**Your assignment:** From the entries below, retype only the lines from the one with "週刊地震情報 2026.3.29 今年最大規模のM6.7" through the one with "洈水风景区中有一处洈水水库,这座水库也是", exactly as written.

**Supplied records:**
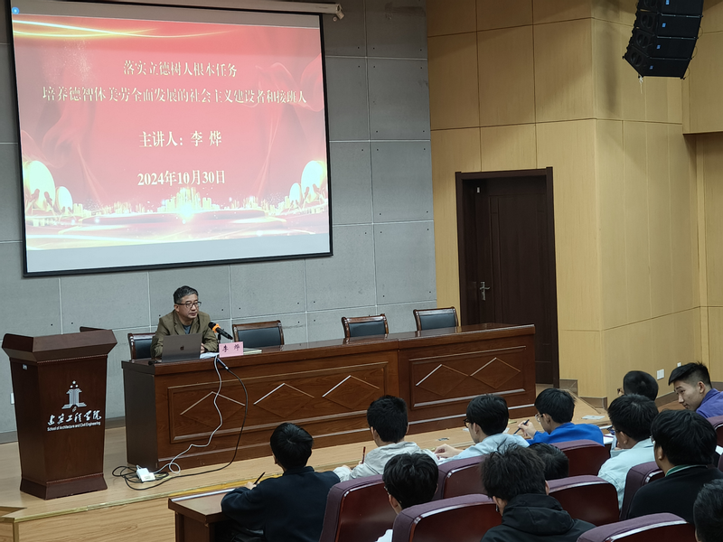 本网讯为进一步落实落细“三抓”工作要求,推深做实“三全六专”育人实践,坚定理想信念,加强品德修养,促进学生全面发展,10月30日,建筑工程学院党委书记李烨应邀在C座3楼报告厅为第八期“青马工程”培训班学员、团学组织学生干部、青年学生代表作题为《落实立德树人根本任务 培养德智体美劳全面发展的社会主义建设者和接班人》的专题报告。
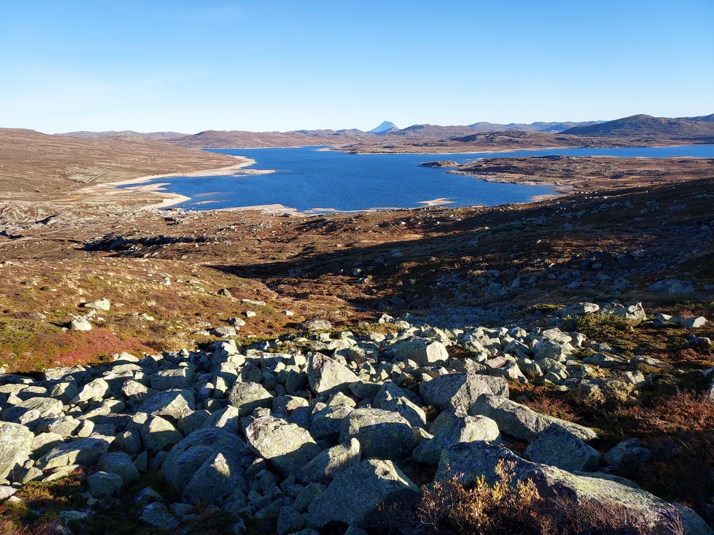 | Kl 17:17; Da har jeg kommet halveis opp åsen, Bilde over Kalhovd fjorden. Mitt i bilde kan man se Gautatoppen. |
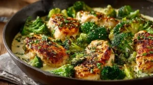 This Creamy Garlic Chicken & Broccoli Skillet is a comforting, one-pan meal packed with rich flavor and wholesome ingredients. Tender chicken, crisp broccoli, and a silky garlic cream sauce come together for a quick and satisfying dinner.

==

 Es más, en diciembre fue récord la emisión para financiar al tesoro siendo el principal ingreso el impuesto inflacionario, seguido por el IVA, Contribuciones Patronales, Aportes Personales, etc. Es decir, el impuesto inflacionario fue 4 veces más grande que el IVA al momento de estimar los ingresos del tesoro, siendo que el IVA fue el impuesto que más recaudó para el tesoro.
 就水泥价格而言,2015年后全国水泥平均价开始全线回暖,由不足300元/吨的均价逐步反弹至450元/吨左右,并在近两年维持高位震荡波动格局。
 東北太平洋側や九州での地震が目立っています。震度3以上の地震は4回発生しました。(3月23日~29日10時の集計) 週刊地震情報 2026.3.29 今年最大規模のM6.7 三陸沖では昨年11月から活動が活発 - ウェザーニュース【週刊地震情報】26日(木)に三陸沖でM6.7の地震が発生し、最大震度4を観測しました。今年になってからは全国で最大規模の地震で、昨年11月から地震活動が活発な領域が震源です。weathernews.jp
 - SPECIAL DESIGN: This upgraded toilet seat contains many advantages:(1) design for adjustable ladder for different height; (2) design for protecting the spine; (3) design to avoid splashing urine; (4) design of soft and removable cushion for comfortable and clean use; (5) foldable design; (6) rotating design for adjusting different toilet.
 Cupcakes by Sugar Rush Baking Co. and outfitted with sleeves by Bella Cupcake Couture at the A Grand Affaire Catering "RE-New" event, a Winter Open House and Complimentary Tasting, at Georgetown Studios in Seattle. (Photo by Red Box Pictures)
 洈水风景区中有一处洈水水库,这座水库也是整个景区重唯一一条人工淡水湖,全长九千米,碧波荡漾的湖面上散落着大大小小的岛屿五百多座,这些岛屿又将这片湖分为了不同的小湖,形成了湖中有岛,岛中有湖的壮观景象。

**Exercise answer:**
 東北太平洋側や九州での地震が目立っています。震度3以上の地震は4回発生しました。(3月23日~29日10時の集計) 週刊地震情報 2026.3.29 今年最大規模のM6.7 三陸沖では昨年11月から活動が活発 - ウェザーニュース【週刊地震情報】26日(木)に三陸沖でM6.7の地震が発生し、最大震度4を観測しました。今年になってからは全国で最大規模の地震で、昨年11月から地震活動が活発な領域が震源です。weathernews.jp
 - SPECIAL DESIGN: This upgraded toilet seat contains many advantages:(1) design for adjustable ladder for different height; (2) design for protecting the spine; (3) design to avoid splashing urine; (4) design of soft and removable cushion for comfortable and clean use; (5) foldable design; (6) rotating design for adjusting different toilet.
 Cupcakes by Sugar Rush Baking Co. and outfitted with sleeves by Bella Cupcake Couture at the A Grand Affaire Catering "RE-New" event, a Winter Open House and Complimentary Tasting, at Georgetown Studios in Seattle. (Photo by Red Box Pictures)
 洈水风景区中有一处洈水水库,这座水库也是整个景区重唯一一条人工淡水湖,全长九千米,碧波荡漾的湖面上散落着大大小小的岛屿五百多座,这些岛屿又将这片湖分为了不同的小湖,形成了湖中有岛,岛中有湖的壮观景象。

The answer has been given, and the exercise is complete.